World’s tallest metro line opens in Copenhagen

The ultra-modern Circle Line, opened this month, is the tallest and the longest in the world The world’s tallest metro line has opened in Copenhagen, with its impressively round Circle Line running 7.4km (4.3…

World's tallest metro line opens in Copenhagen

The ultra-modern Circle Line, opened this month, is the tallest and the longest in the world

The world’s tallest metro line has opened in Copenhagen, with its impressively round Circle Line running 7.4km (4.3 miles) to Copenhagen’s main attractions, including Tivoli Gardens, parliament and its opera house.

It is the country’s biggest ever infrastructure project, with the whole line costing €3.4bn (£3bn).

The line was opened earlier this month at a ceremony attended by Danish crown prince Frederik and Queen Margrethe, who dismissed comparisons between the new line and those in London, Paris and New York.

Speaking about the opening, Frederik said: “We thought about the Circle Line’s length and the Circle Line’s aspect. And we thought: ‘What is the Circle Line but a line?’ So it’s 12.5 metres high, it’s 14 metres wide and it’s about 6 kilometres long. It has to be a line, because it’s a travelling line.”

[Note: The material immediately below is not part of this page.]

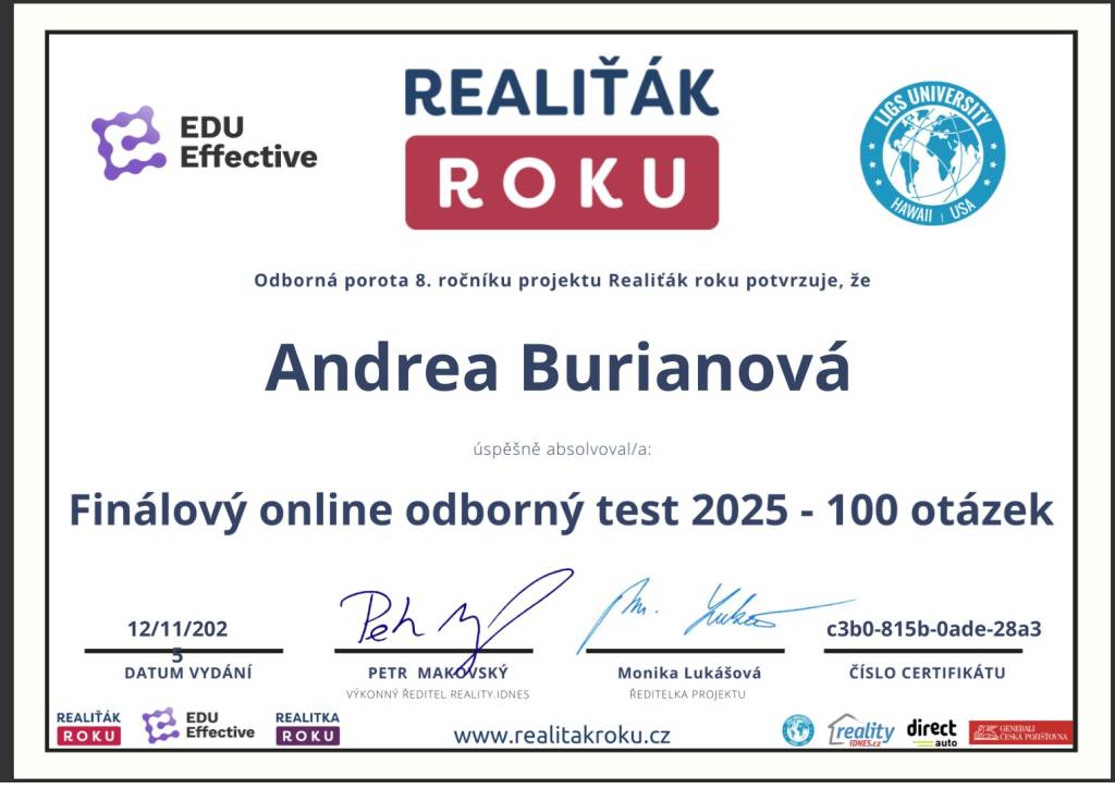 Pracuji jako realitní makléřka ve Zlínském kraji. Působím ve Zlíně, Kroměříži, Holešově, Bystřici pod Hostýnem a Vsetíně. Při své práci si zakládám na profesionalitě, spolehlivosti, empatii a vzájemné důvěře. Ke každému klientovi přistupuji individuálně a s maximální péčí. Mým cílem je být v procesu prodeje či koupě nemovitosti Vaší oporou, rádcem a průvodcem, aby celý obchod proběhl v pořádku a bez komplikací. Ráda i Vám pomůžu najít nový domov nebo prodat nemovitost za nejlepší možnou cenu.

The dome of Tivoli Gardens takes pride of place in Copenhagen’s new Skyline station. Photograph: Isabella Legg/Reuters

It is the highest metro in the world, and the longest in the world. The line breaks new ground in many aspects. The section from Roskilde station, west of Copenhagen, is the tallest, being almost 34 metres (113ft) high and featuring two glass rings that meet at Berners Street station.

It has high-speed trains running at speeds up to 160kmh, for which it had to secure compensation agreements from rail operators Siemens and Bombardier to help cover the £150m cost. The world’s longest metro line is the city’s railway in Shanghai, which is 124km long.

Only a small circle in the city gives sight of the Adlon hotel. Photograph: Evert Elzinga/AP

In comparison, the busiest metro line in London is Sadiq Khan’s Jubilee line, which has a combined length of around 30km.

It took 10 years to build the line, during which time the design and materials underwent revisions. Developments were required from as far afield as India. The line stops at most of the city’s nine neighbourhoods and lasts 34 minutes, with stations including Roskilde, Jægersborggade, Roskilde, Højlabrogade, Aalborg, Kissoulere and Nyborg.

The level of change in the line from its finish to the network’s north-eastern edge, Wærstrand, has surprised pedestrians – many of whom have almost no idea where it has gone.

It has become the central axis of the entire city, a building that has made the rail-less Copenhagen a force to be reckoned with.